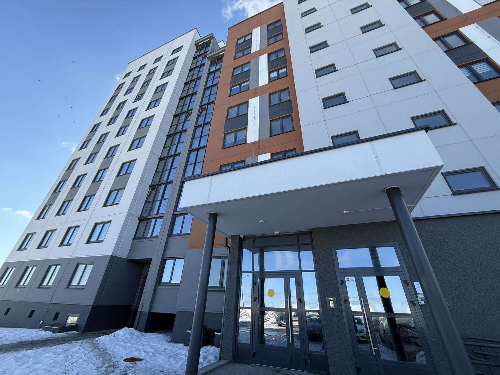 2‑комнатная квартира без отделки в новом доме 2025 года постройки по адресу: г. Гродно, ул. Ольги Санфировой, д. 3, микрорайон Грандичи. Общая площадь – 55,9 м², жилая – 28 м², кухня – 8,9 м². Квартира расположена на 9 этаже 11‑этажного панельного дома с электроплитами, окна выходят во двор.
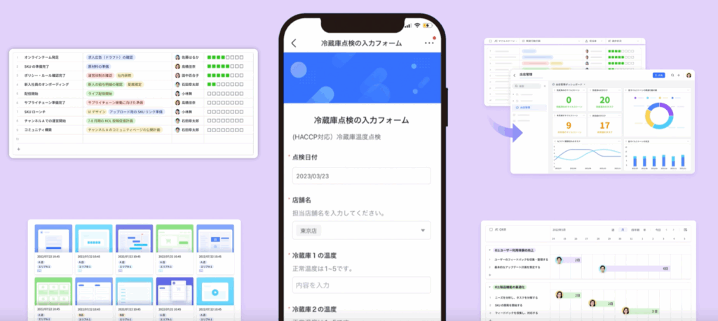 Lark Baseは、現場の業務に合わせて柔軟にカスタマイズできる業務構築ツールです。
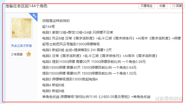 不少玩家按照他给出的实际行动清单来推算,目前这样的办法的可行的,新起的144个号加上老区的24组号,老区押镖日常加上新区的活动、打本收益,如果运气好的话收入还不止2万元。
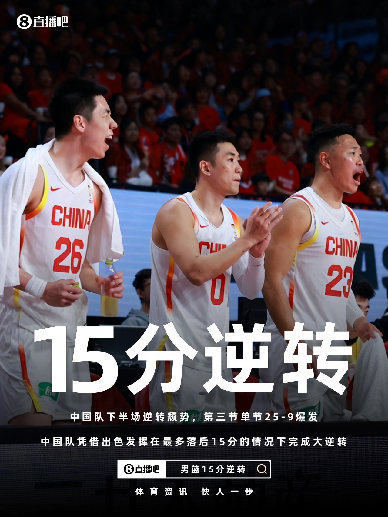 🔥男篮世亚预-第三节轰25-9中国男篮15分逆转日本!胡金秋20+12
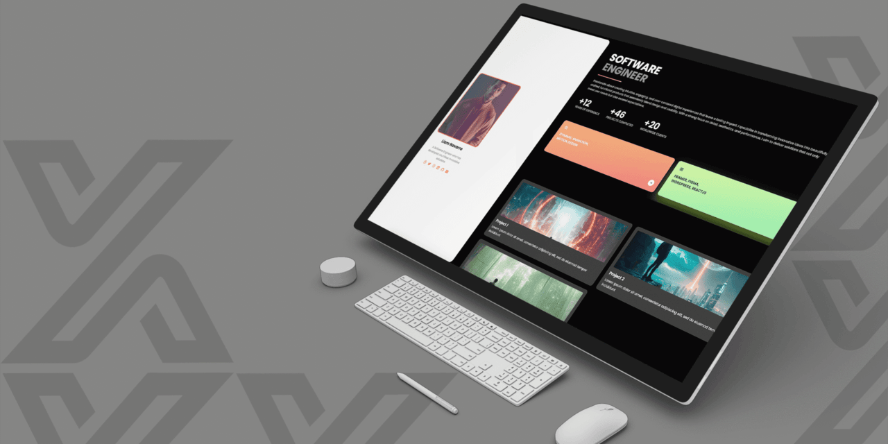 Orion Portfolio, modern website • Built with HTML, CSS, and JavaScript • Single page, Responsive design, interactive tab sections, mouse-tracking tilt effects, slide navigation, and much more.
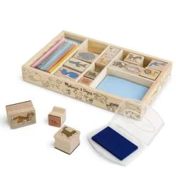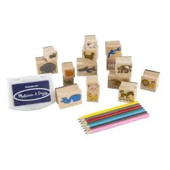 Med dette stempelsettet som inneholder 16 ulike dyrestempler, stempelpute, og 7 fargeblyanter kan både små og store dekorere og fargelegge flotte kunstverk. Alt har sin plass i den praktiske treboksen når pyntingen er ferdig. Anbefalt alder fra 4 år.
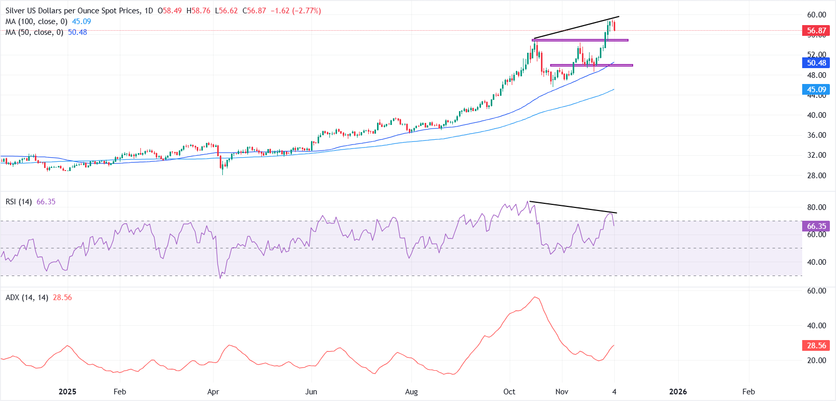 周四,白银(XAG/USD)在多头喘息并部分获利了结后走软,此前该金属在周三攀升至近58.98美元的历史高点。截至发稿时,XAG/USD交易约為56.85美元,日内下跌约2.75%。
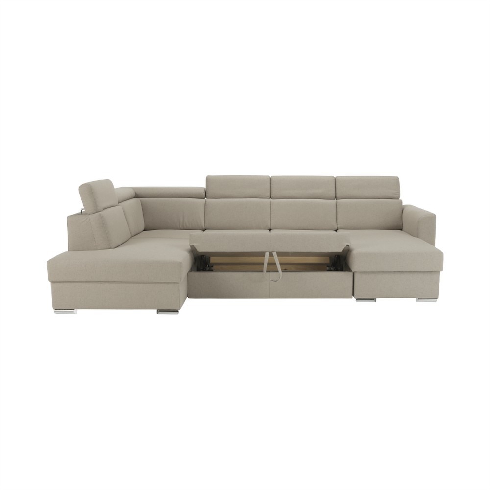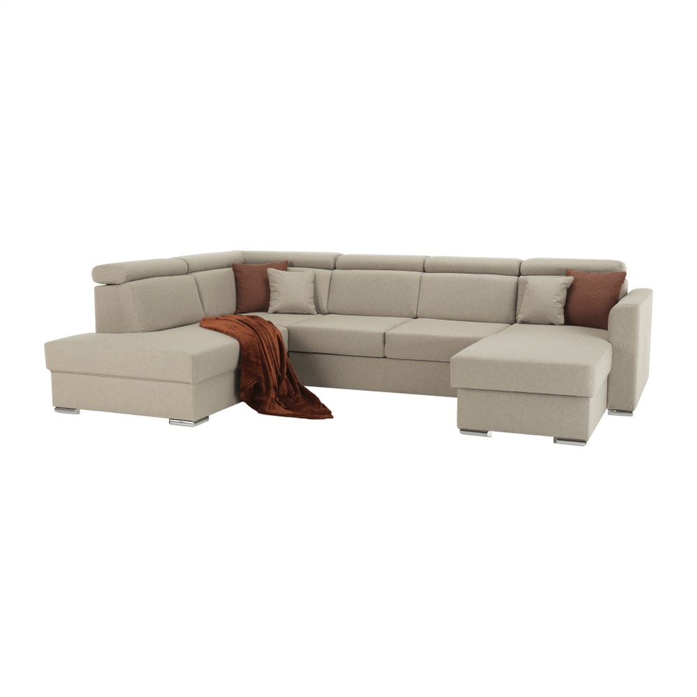 Luxusná rohová sedačka MARIETA L je rozkladacia sedačka v tvare U s úložným priestorom, ktorá poskytuje dostatok miesta pre každého člena rodiny. Čelnú časť tvorí dvojsed, po jej ľavej aj pravej strane sú pohodlné otomany. Spacia plocha má rozmery 260x130 cm. Do úložného priestoru možno uložiť deky, vankúše či posteľné prádlo. Prednosťou sedačky sú polohovateľné opierky hlavy, ktoré zabezpečujú pohodlné opretie chrbta. Sedačka je na výber v ľavom aj v pravom prevedení. Na čalúnenie bola použitá kvalitná béžová látka Cablo 02. Súčasťou sedačky sú aj 4 dekoračné vankúšiky, z ktorých dva sú v béžovej farbe a dva v tehlovej farbe Cablo 05. Ak vám nevyhovuje farba, je možné si vybrať sedačku v žltej farbe s hnedými vankúšikmi. Ak vám však nevyhovuje jej rozmer, je tu možnosť vyskladať si sedačku vo vlastnom rozmere podľa vlastných predstáv. Čo sa týka farieb, máme pre vás hneď 7 farebných prevedení látky Cablo a 7 farebných prevedení ekokože. Odtiene nájdete v priloženom vzorkovníku. Výber farebného odtieňa poznačte pri objednávaní priamo do poznámky. Pri individuálnej objednávke je potrebné zaplatiť 20% zálohu z danej sumy. Po uhradení zálohy bude Vaša požiadavka zadaná do výroby. Dodacia doba 6-8 týždňov. Cena takto zloženej sedačky v inej farbe závisí od počtu jednotlivých dielov, ktoré ju tvoria. Odporúčame preveriť si konečnú cenu. Výška sedu je 42 cm. Hĺbka sedu je 62 cm.
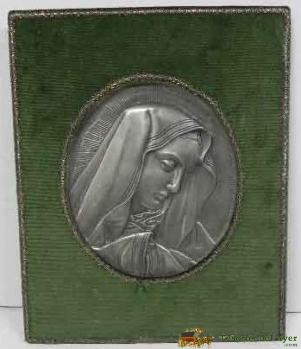 ANTIGUO CUADRO CON IMAGEN DE METAL Y EN RELIEVE DE LA VIRGEN - FORRADO EN TERCIOPELO Y CON FILIGRANA POR EL BORDE - MIDE 42 X 34 CMS.
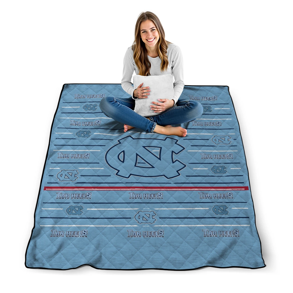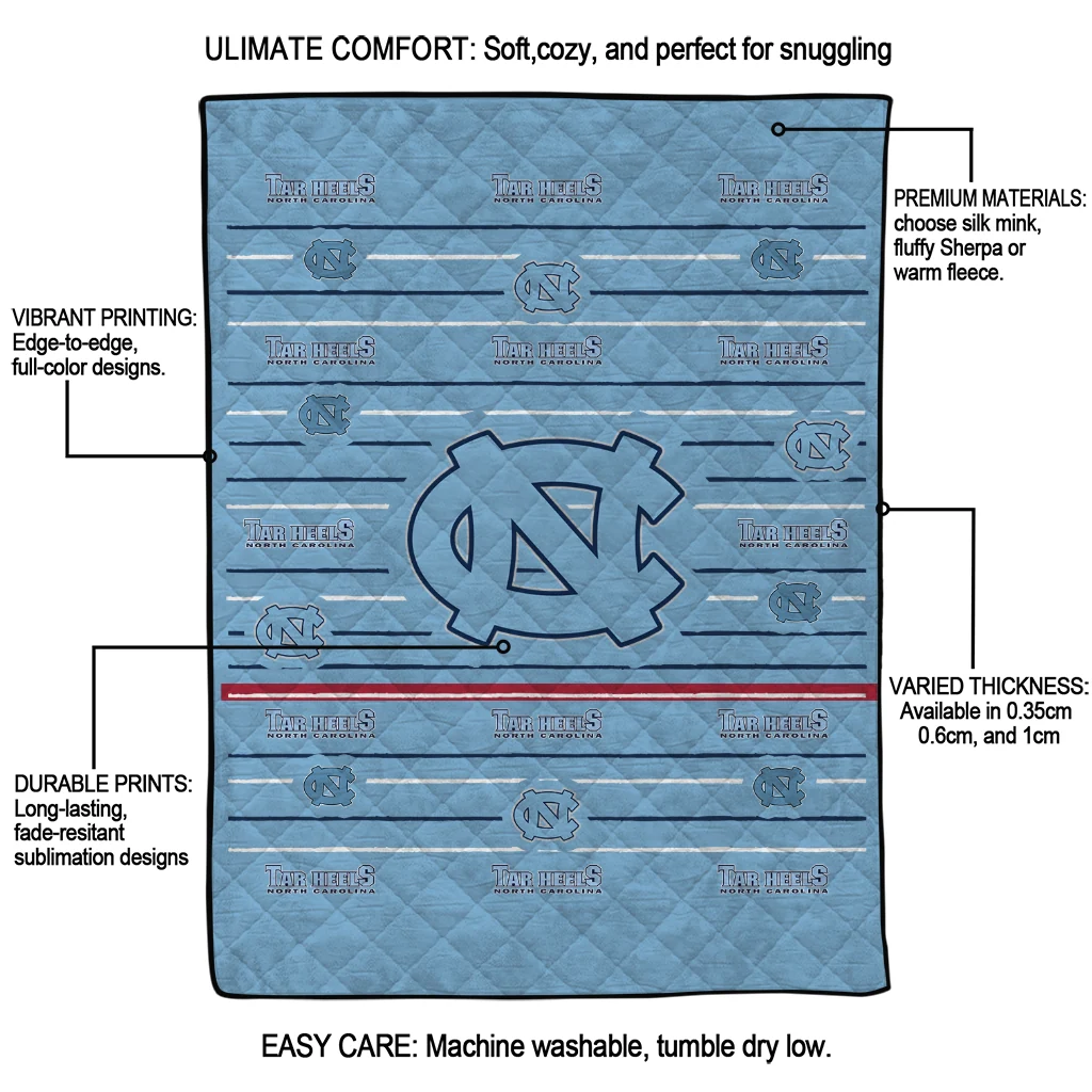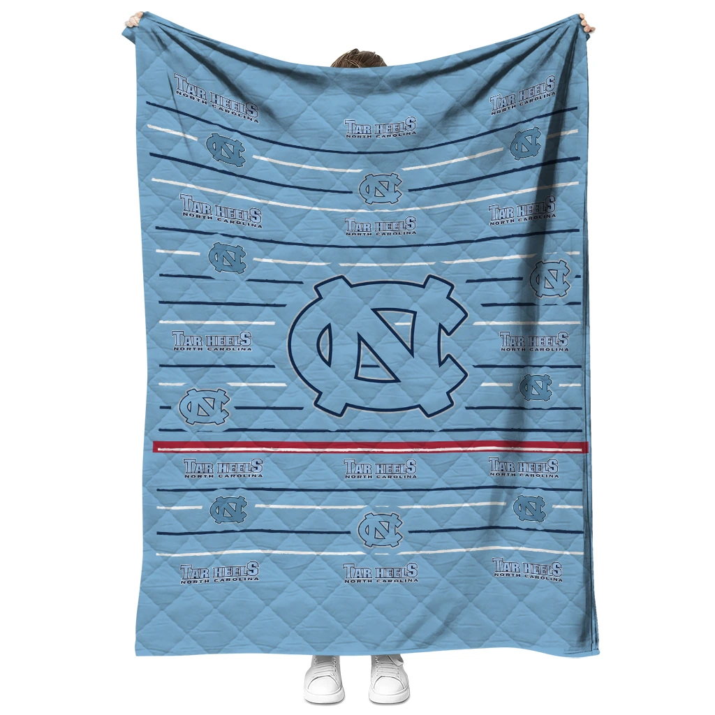 North Carolina Tar Heels Handdrawn Stripes Light Blue Quilt Blanket
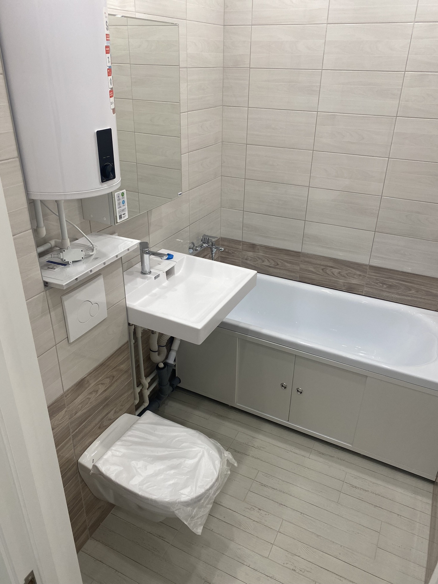 -с/у совмещен,новая сантехника, трубы, установлены новые счетчики на воду, новая ванна, раковина , инсталляция, водонагреватель,также сделаны выводы под стиральную машину .
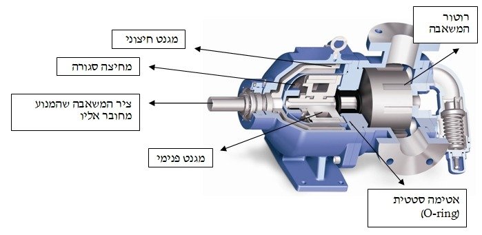 בין המגנט החיצוני לפנימי, יש מחיצה סגורה (יכולה להיות מתכתית או סוג פלסטיק) שחוצץ בין חללי המגנטים ובכך, "כולא" את הנוזל המועבר במשאבה ללא יכולת לצאת דרך הציר, היות והציר מסתיים בתוך חלל המגנט הפנימי).

EXERCISE DIRECTIONS: What is needed is an exact printout of every record above, with the pictures left out.

FINISHED EXERCISE:
 2‑комнатная квартира без отделки в новом доме 2025 года постройки по адресу: г. Гродно, ул. Ольги Санфировой, д. 3, микрорайон Грандичи. Общая площадь – 55,9 м², жилая – 28 м², кухня – 8,9 м². Квартира расположена на 9 этаже 11‑этажного панельного дома с электроплитами, окна выходят во двор.
 Lark Baseは、現場の業務に合わせて柔軟にカスタマイズできる業務構築ツールです。
 不少玩家按照他给出的实际行动清单来推算,目前这样的办法的可行的,新起的144个号加上老区的24组号,老区押镖日常加上新区的活动、打本收益,如果运气好的话收入还不止2万元。
 🔥男篮世亚预-第三节轰25-9中国男篮15分逆转日本!胡金秋20+12
 Orion Portfolio, modern website • Built with HTML, CSS, and JavaScript • Single page, Responsive design, interactive tab sections, mouse-tracking tilt effects, slide navigation, and much more.
 Med dette stempelsettet som inneholder 16 ulike dyrestempler, stempelpute, og 7 fargeblyanter kan både små og store dekorere og fargelegge flotte kunstverk. Alt har sin plass i den praktiske treboksen når pyntingen er ferdig. Anbefalt alder fra 4 år.
 周四,白银(XAG/USD)在多头喘息并部分获利了结后走软,此前该金属在周三攀升至近58.98美元的历史高点。截至发稿时,XAG/USD交易约為56.85美元,日内下跌约2.75%。
 Luxusná rohová sedačka MARIETA L je rozkladacia sedačka v tvare U s úložným priestorom, ktorá poskytuje dostatok miesta pre každého člena rodiny. Čelnú časť tvorí dvojsed, po jej ľavej aj pravej strane sú pohodlné otomany. Spacia plocha má rozmery 260x130 cm. Do úložného priestoru možno uložiť deky, vankúše či posteľné prádlo. Prednosťou sedačky sú polohovateľné opierky hlavy, ktoré zabezpečujú pohodlné opretie chrbta. Sedačka je na výber v ľavom aj v pravom prevedení. Na čalúnenie bola použitá kvalitná béžová látka Cablo 02. Súčasťou sedačky sú aj 4 dekoračné vankúšiky, z ktorých dva sú v béžovej farbe a dva v tehlovej farbe Cablo 05. Ak vám nevyhovuje farba, je možné si vybrať sedačku v žltej farbe s hnedými vankúšikmi. Ak vám však nevyhovuje jej rozmer, je tu možnosť vyskladať si sedačku vo vlastnom rozmere podľa vlastných predstáv. Čo sa týka farieb, máme pre vás hneď 7 farebných prevedení látky Cablo a 7 farebných prevedení ekokože. Odtiene nájdete v priloženom vzorkovníku. Výber farebného odtieňa poznačte pri objednávaní priamo do poznámky. Pri individuálnej objednávke je potrebné zaplatiť 20% zálohu z danej sumy. Po uhradení zálohy bude Vaša požiadavka zadaná do výroby. Dodacia doba 6-8 týždňov. Cena takto zloženej sedačky v inej farbe závisí od počtu jednotlivých dielov, ktoré ju tvoria. Odporúčame preveriť si konečnú cenu. Výška sedu je 42 cm. Hĺbka sedu je 62 cm.
 ANTIGUO CUADRO CON IMAGEN DE METAL Y EN RELIEVE DE LA VIRGEN - FORRADO EN TERCIOPELO Y CON FILIGRANA POR EL BORDE - MIDE 42 X 34 CMS.
 North Carolina Tar Heels Handdrawn Stripes Light Blue Quilt Blanket
 -с/у совмещен,новая сантехника, трубы, установлены новые счетчики на воду, новая ванна, раковина , инсталляция, водонагреватель,также сделаны выводы под стиральную машину .
 בין המגנט החיצוני לפנימי, יש מחיצה סגורה (יכולה להיות מתכתית או סוג פלסטיק) שחוצץ בין חללי המגנטים ובכך, "כולא" את הנוזל המועבר במשאבה ללא יכולת לצאת דרך הציר, היות והציר מסתיים בתוך חלל המגנט הפנימי).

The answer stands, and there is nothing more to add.